PS20 Beam Diagnostic for the Next Linear Collider instrumentation, diagnostics, NLC 151
 
  • S.R. Smith
    SLAC, Stanford Linear Accelerator, Stanford, CA, USA
  The Next Linear Collider (NLC) is proposed to study e+-e--collisions in the TeV energy region. The small beam spot size at the interaction point of the NLC makes its luminosity sensitive to beam jitter. A mechanism for aligning the beams to each other which acts during the bunch-train crossing time has been proposed to maintain luminosity in the presence of pulse-pulse beam jitter. We describe a beam-beam deflection feedback system which responds quickly enough to correct beam misalignments within the 265 ns long crossing time. The components of this system allow for a novel beam diagnostic, beam-beam deflection scans acquired in a single machine pulse.  
 
PM09 Design of a Multi-Bunch BPM for the Next Linear Collider
Work supported by the US Department of Energy, contract DE-AC03-76SF00515
instrumentation, diagnostics, NLC, pick-up 183
 
  • A. Young, S.D. Anderson, D. Anderson, J. Nelson, M. Ross, S.R. Anderson, T.J. Smith, H.T. Naito, N. Terunuma, S. Araki
    SLAC, Stanford Linear Accelerator, Stanford, CA, USA
  The Next Linear Collider (NLC) design requires precise control of colliding trains of high-intensity (1.4×1010 particles/bunch) and low-emittance beams. High-resolution multi-bunch beam position monitors (BPMs) are required to ensure uniformity across the bunch trains with bunch spacing of 1.4ns.
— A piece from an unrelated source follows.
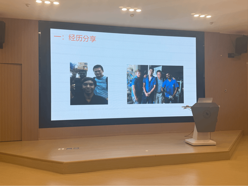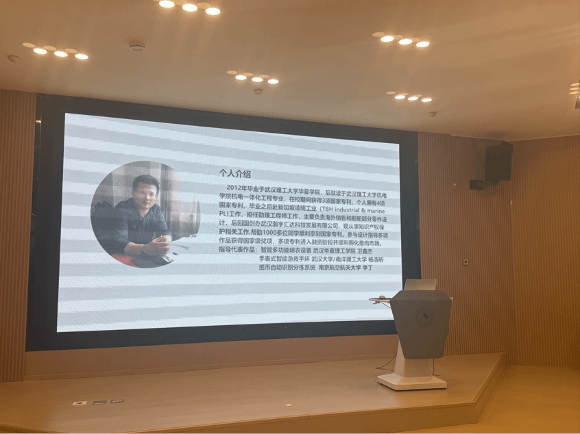 讲座伊始,程旭涛以自身成长轨迹为切入点,讲述从校园到职场的创新探索历程。2012年他毕业于武汉理工大学华夏学院,后攻读武汉理工大学机电学院机电一体化工程专业,在校期间便凭借对机电领域的钻研与创新思维,斩获3项国家专利,个人累计持有4项国家专利。毕业后,他远赴新加坡德明工业(TBH industrial & marine PL)担任助理工程师,负责海外销售与船舶零部件设计工作,现场展示的海外工作纪实照片,让听众直观感受到他在一线实践中积累的技术与经验。回国后,他创办武汉瀚宇汇达科技发展有限公司,专注知识产权保护相关工作,已助力1000余名同学顺利拿到国家专利;同时他还参与指导多项创新作品斩获国家级奖项,多款专利成果完成融资并孵化落地,其中智能功能晾衣设备、手表式智能急救手环、纸币自动识别分拣系统等代表性作品,更是让在场听众真切看到创新从理念到落地的全过程。

A high bandwidth (~350 MHz) multi-bunch BPM has been designed based on a custom-made stripline sum and difference hybrid on a Teflon-based material. High bandwidth RF couplers were included to allow injection of a calibration tone. Three prototype BPMs were fabricated at SLAC and tested in the Accelerator Test Facility at KEK and in the PEP-II ring at SLAC. Tone calibration data and single-bunch and multi-bunch beam data were taken with high-speed (5Gsa/s) digitisers. Offline analysis determined the de-convolution of individual bunches in the multi-bunch mode by using the measured single bunch response. The results of these measurements are presented in this paper.